What you will do |
Nothing but the images is to be left out of your exact copy of the entries.

Data shown |
%%
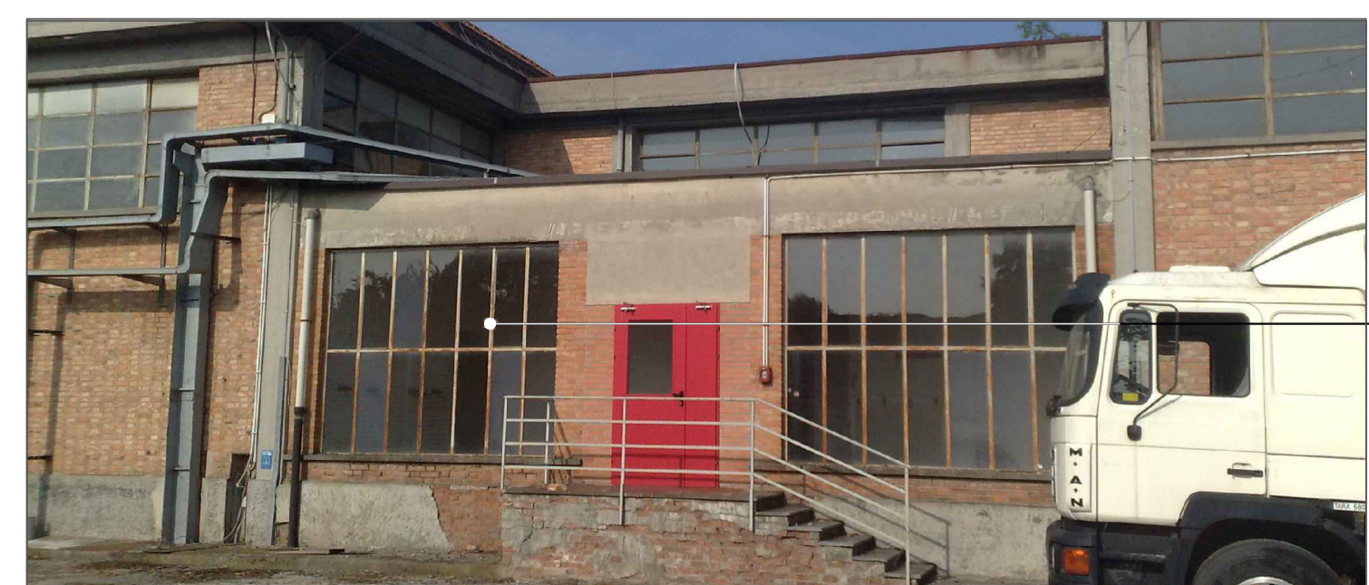
POSIZIONAMENTO SCALA ALLA MARINARA PER ACCESSO ALLA COPERTURA
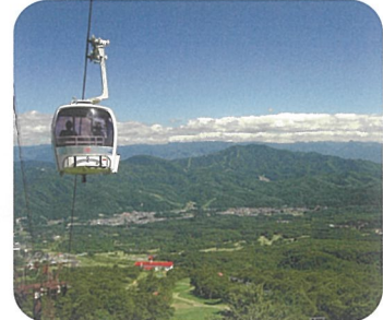
妙高高原スカイケーブル乗り場
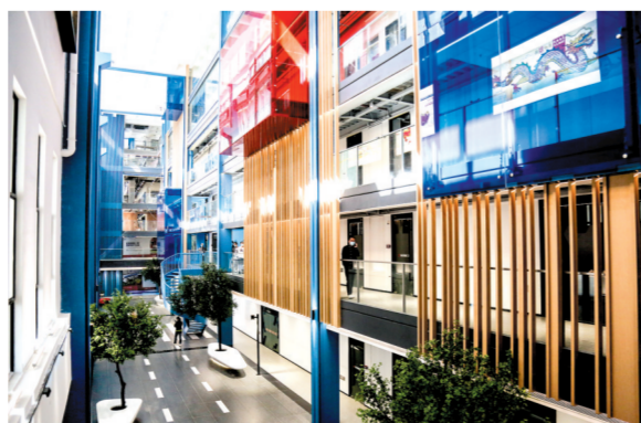
2021年12月10日,羊城同创汇(天河园区)开放揭幕仪式在羊城创意产业园举行
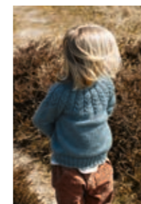
FLETTEGENSER Smart Design 6
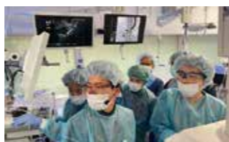
研修者による Interventional EUS
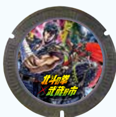
北斗の拳 ©武論尊・原哲夫/コアミックス 1983
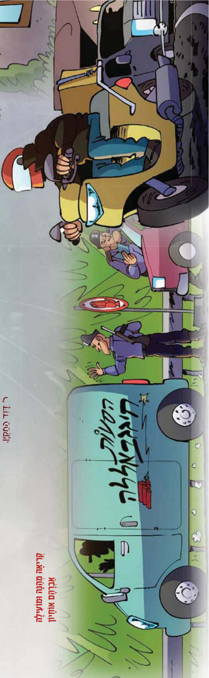
קריאה מתונה ומודעיקה אברהם אוחיון

במאמץ? אמנם לא? או אולי? או לא? אולי? או לא? או לא? אולי? או לא? או לא? אולי? או לא? או לא?
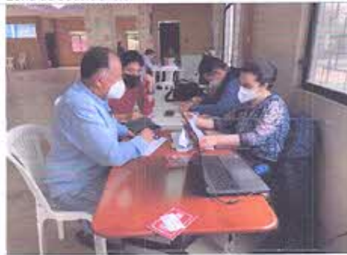
Fotografía N°3: Socialización de los trabajos ejecutados en la MTT7.
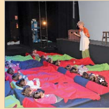
Uno de los espectáculos.

"Educar desde la infancia en el amor al teatro y a todas sus disciplinas artísticas creará a los artistas, autores, directores y público del futuro y permitirá que la cultura siga creciendo y avanzando. Uno de los pequeños que vino a ver
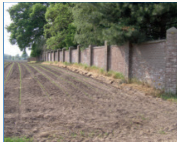
Twents coulisselandschap met sterke cultuurhistorie.

Een ander gebiedsontwikkelingsproject waar Marb Consultancy bij betrokken is, is die van de gemeente Berkelland. 'We hebben daar in samenspraak met de betrokkenen binnen de gemeente Berkelland, de Gebiedscommissie Berkelland, het Plattelandshuis Achterhoek-Liemers en de provincie Gelderland het uitvoeringsprogramma opgesteld, de organisatie vormgegeven en het procesmanagement van de uitvoering verzorgd. Onderdeel daarvan was bijvoorbeeld de afspraak tussen gemeente, provincie en Plattelandshuis voor de financiering van acht projecten uit het uitvoeringsprogramma. Daarnaast zijn we ook nog betrokken geweest bij de organisatie van de plattelandsconferentie 'Goud in de Grond' en bij de intergemeentelijke samenwerking op dit terrein.'
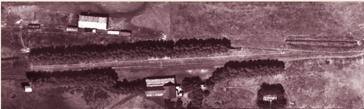
19 Ramal F.C. al Pacífico. Ruiz de los Llanos e Irigoyen.
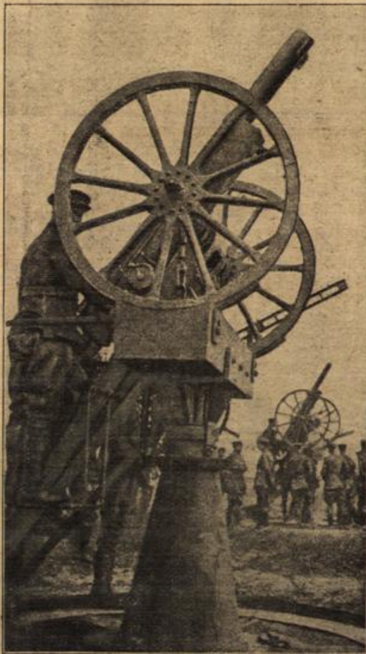
Englisches Flugabwehrgeschütz auf drehbarem Fuß montiert.

Eine Weile hatte sie so gefesselt, dann erhob sie sich und trat
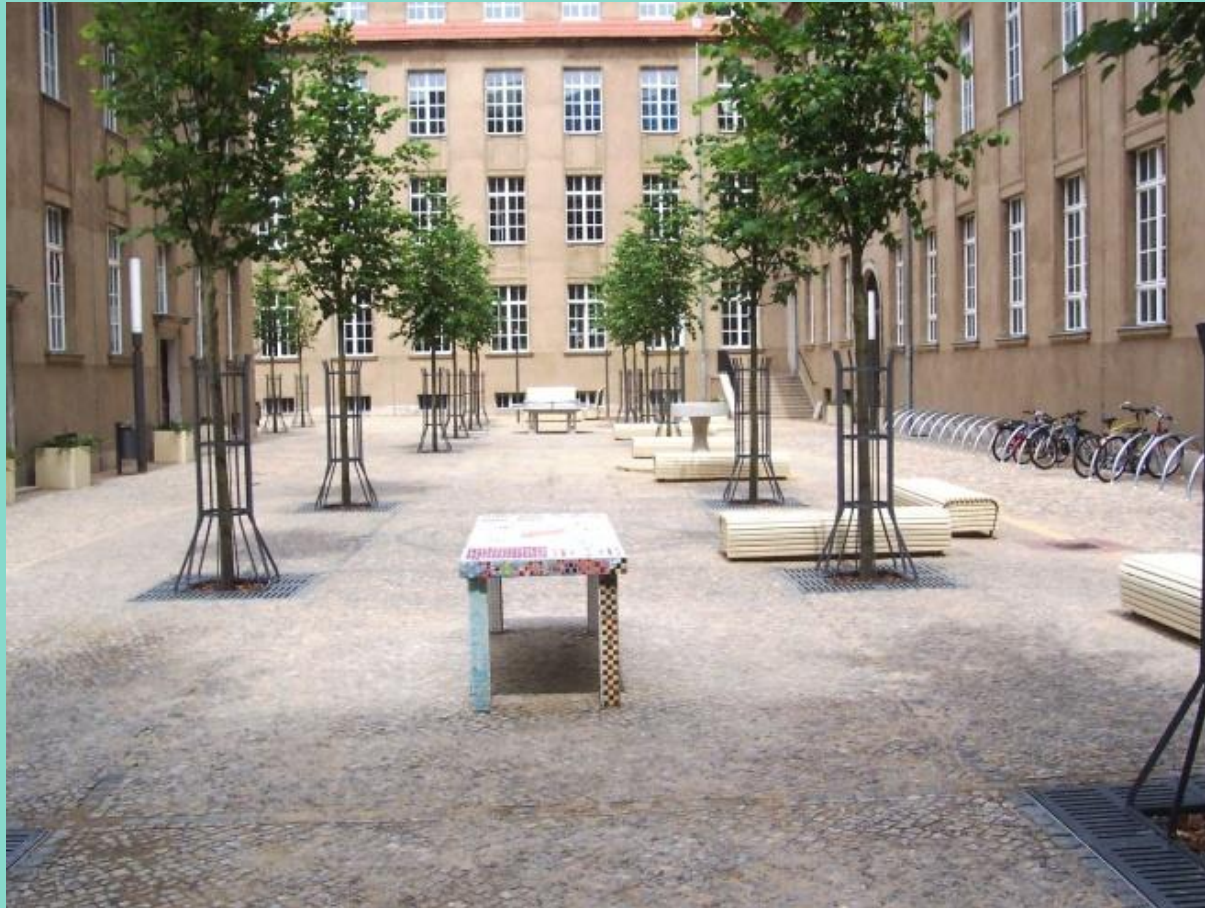
Blick in den Innenhof, 2005
%%
Output for this task |
POSIZIONAMENTO SCALA ALLA MARINARA PER ACCESSO ALLA COPERTURA
妙高高原スカイケーブル乗り場
2021年12月10日,羊城同创汇(天河园区)开放揭幕仪式在羊城创意产业园举行
FLETTEGENSER Smart Design 6
研修者による Interventional EUS
北斗の拳 ©武論尊・原哲夫/コアミックス 1983
קריאה מתונה ומודעיקה אברהם אוחיון

במאמץ? אמנם לא? או אולי? או לא? אולי? או לא? או לא? אולי? או לא? או לא? אולי? או לא? או לא?
Fotografía N°3: Socialización de los trabajos ejecutados en la MTT7.
Uno de los espectáculos.

"Educar desde la infancia en el amor al teatro y a todas sus disciplinas artísticas creará a los artistas, autores, directores y público del futuro y permitirá que la cultura siga creciendo y avanzando. Uno de los pequeños que vino a ver
Twents coulisselandschap met sterke cultuurhistorie.

Een ander gebiedsontwikkelingsproject waar Marb Consultancy bij betrokken is, is die van de gemeente Berkelland. 'We hebben daar in samenspraak met de betrokkenen binnen de gemeente Berkelland, de Gebiedscommissie Berkelland, het Plattelandshuis Achterhoek-Liemers en de provincie Gelderland het uitvoeringsprogramma opgesteld, de organisatie vormgegeven en het procesmanagement van de uitvoering verzorgd. Onderdeel daarvan was bijvoorbeeld de afspraak tussen gemeente, provincie en Plattelandshuis voor de financiering van acht projecten uit het uitvoeringsprogramma. Daarnaast zijn we ook nog betrokken geweest bij de organisatie van de plattelandsconferentie 'Goud in de Grond' en bij de intergemeentelijke samenwerking op dit terrein.'
19 Ramal F.C. al Pacífico. Ruiz de los Llanos e Irigoyen.
Englisches Flugabwehrgeschütz auf drehbarem Fuß montiert.

Eine Weile hatte sie so gefesselt, dann erhob sie sich und trat
Blick in den Innenhof, 2005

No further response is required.